CFOs Demand Data Over Brand Sentiment

▼ Summary
– CFOs are demanding data-driven proof of brand marketing’s business impact, increasing pressure on marketers to justify budgets.
– In 2025, 55% of marketers prioritize performance marketing over brand, risking brand investments without strong measurement.
– Measuring brand impact is challenging due to lag effects, lack of consensus on advertising’s role, and unclear measurement plans.
– Key methods to measure brand value include geographic testing, marketing mix modeling, ATU surveys, and conjoint analysis.
– Combining multiple measurement approaches provides a comprehensive view of brand impact, helping secure long-term investment.
Marketing leaders face mounting pressure to demonstrate how brand investments translate into measurable business outcomes. As financial executives tighten budgets, proving the commercial value of branding has become non-negotiable. The shift toward performance-driven metrics means marketers must now defend every dollar spent with hard data, or risk losing critical funding.

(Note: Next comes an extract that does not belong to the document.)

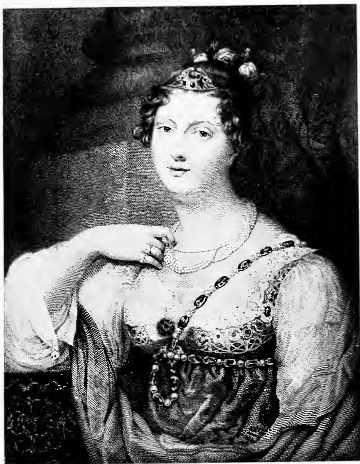
PRINCESS CHARLOTTE AUGUSTA.

CFOs are no longer passive bystanders in brand strategy discussions. Research indicates over half remain skeptical about marketing’s impact, demanding clearer financial justification for brand-related expenditures. The challenge lies in quantifying intangible benefits like customer loyalty and perception, which often influence sales indirectly over time. Without concrete measurement frameworks, even well-executed campaigns struggle to secure ongoing support.
Despite these hurdles, branding remains a cornerstone of marketing budgets. Recent data shows brand strategy and activation account for nearly 9% of total marketing spend, underscoring its enduring importance. However, preserving this allocation requires moving beyond traditional metrics like awareness and sentiment. Instead, forward-thinking teams focus on methodologies that link branding directly to revenue, market share, and pricing power.
Proving Brand Value: Key Measurement Approaches
1. Geographic Testing By isolating specific regions for targeted campaigns, marketers can compare performance against control markets. This method works particularly well for localized promotions or digital ads, offering tangible proof of incremental lift in sales and engagement.
2. Marketing Mix Modeling (MMM) For organizations with robust historical data, MMM provides a comprehensive view of how brand and performance efforts collectively drive results. It identifies subtle shifts in spending effectiveness and uncovers cross-channel synergies, making it invaluable for long-term planning.
3. Brand Awareness & Usage Surveys While less granular than MMM, these surveys track shifts in consumer perception and intent. By correlating upper-funnel metrics with eventual conversions, teams can validate branding’s role in the customer journey.
4. Conjoint Analysis This technique helps quantify the premium customers will pay for a strong brand. By testing different product and pricing scenarios, companies gain insights into how much brand equity contributes to revenue, a compelling argument for maintaining investment.
Choosing the Right Strategy
In today’s competitive landscape, measurement isn’t just about validation, it’s about survival. Marketers who master data-driven storytelling will not only protect their budgets but also position branding as a driver of sustainable growth. The tools exist; the key lies in deploying them strategically to turn skepticism into confidence.